Homeostatic synaptic scaling is a form of synaptic plasticity that, acting in a negative-feedback manner, serves to adjust the strength of excitatory synapses in order to stabilise firing. In other words, it appears that neurons are able to detect changes in their own firing rates through a set of calcium-dependent sensors. Then, they act accordingly (i.e. in the opposite direction) to regulate receptor trafficking so that there is an increase or decrease in the accumulation of glutamate receptors at synaptic sites. Importantly, as opposed to LTP, this phenomenon is slow to develop and is not synapse specific, affecting the whole neuron.
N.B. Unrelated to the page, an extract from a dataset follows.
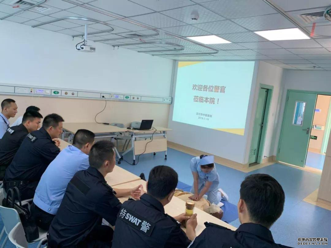 演练现场,护理人员利用道具,生动形象地演示了应急救护的规范动作,为大家讲解了展开救治时的注意事项及护理要点,公安干警们积极模仿练习,边听边练,很快掌握了动作要领。
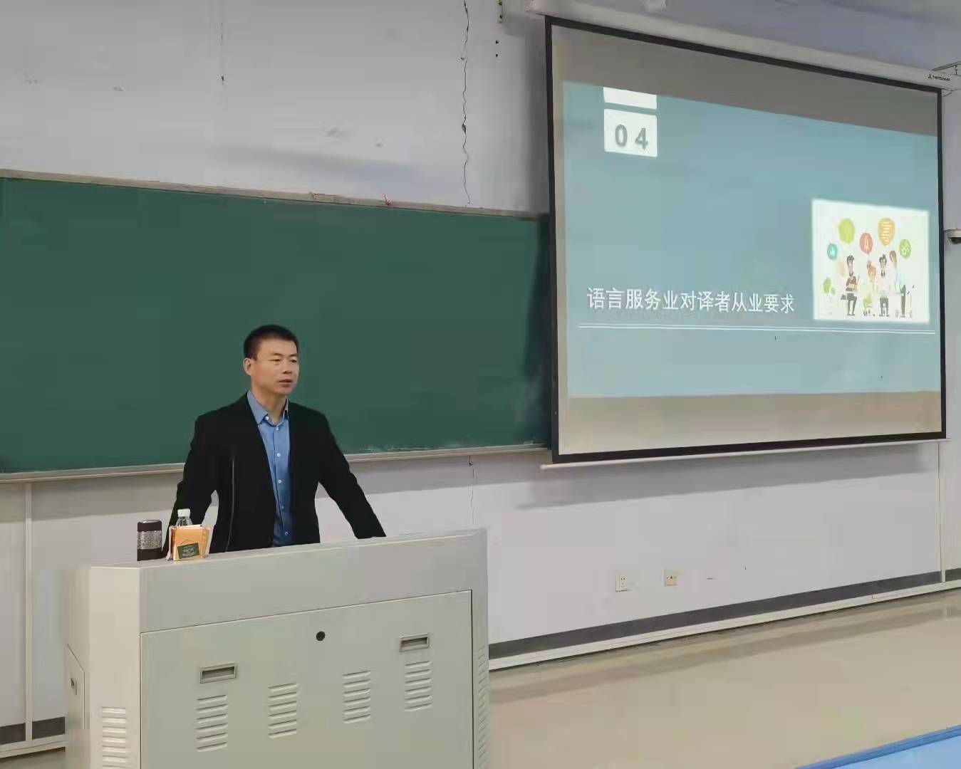 本次系列讲座主题为中国语言服务业发展趋势及MTI员工职业生涯规划,刘智宽老师为师生介绍了语言服务业的总体概况、全球市场需求和翻译领域的重大变化,着重分析了中国语言服务业发展趋势、MTI员工应对策略以及语言服务业对从业者要求。

The purpose of this research was to determine the role of SUMOylation in the scaling of excitatory synaptic transmission evoked by chronic downregulation of synaptic activity (TTX was applied to prevent synaptic activity).
The results show that, in the slices treated with TTX, there was a significant decrease in AMPAR-mediated responses in the cells overexpressing SENP1, compared to non-infected, control cells. In the control group of cells (not treated with TTX), there was no difference in the amplitude of AMPAR-mediated responses between infected and non-infected cells. In addition, overexpression of SENP1 did not produce any change in rectification index, compared to non-infected cells, both in TTX-treated and control slices.
Our conclusion from these data is that SUMOylation plays an important role in synaptic scaling of synaptic responses. In addition, these data are in concordance with those obtained by molecular biology and confocal imaging.